3. INSTRUCTIONAL/ENVIRONMENTAL MODIFICATIONS
Instructional-This experience is easily adaptable to many levels and abilities. Due to the fact that much of this experience is completed in a group, it can automatically compensate for many potential problems. Group members can become readers or scribes when necessary. They can also use each other for troubleshooters of problems incurred. Environmental-If computers are not available this learning experience can still be easily completed by having students create a hard copy version. They can look at hard copies of LIFE magazine, cut, and paste pictures from magazines, drawings, and photographs. It can be bound in a magazine or book format or it can be presented on a story/poster board format.

4. TIME REQUIRED
Planning-roughly 2-3 hours to collect the pictures for the models and pull things together for lesson. Implementation-this experience will take 2-3 weeks for groups to complete. Some students may choose to take traditional photos at home and bring them in to be scanned, if that happens film-processing time must be considered.
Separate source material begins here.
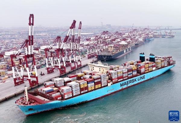在山東港口青島港前灣碼頭,歐洲貿(mào)易航線的“美途馬士基”集裝箱貨輪解纜起航(2022年7月29日攝,無人機(jī)照片)。新華社記者 李紫恒 攝

Assessment-this will be part of the presentation process, so it should take roughly 10-15 minutes per group.

5. RESOURCES
Students-computer with Internet access, PowerPoint, digital camera, scanner, magazines, photos, and any other resources for pictures available. Teacher-computer with Internet access, computer presenter, PowerPoint, digital camera, scanner.

6. ASSESSMENT PLAN
Groups will be assessed on their PowerPoint photo essays and presentations. They will reflect on their work as a team but not graded. Individuals will be assessed on their individual contributions in the photo essay and presentation. Both group and individual will be assessed using the same basic rubric. (***NOTE: The rubric below is the teacher's base rubric prior to student involvement)

7. STUDENT WORK

8. REFLECTION
In future use of this Learning Experience more advanced concepts may be added; for instance-Interviewing, Reporting on an issue, or Survey information. These skills can be added or taught throughout a unit with this learning experience as the culminating activity. As it is written it appears very broad and groups may find it difficult settling on a topic. If it is tied to a unit that may become easier, however, the photo essays may not be as original.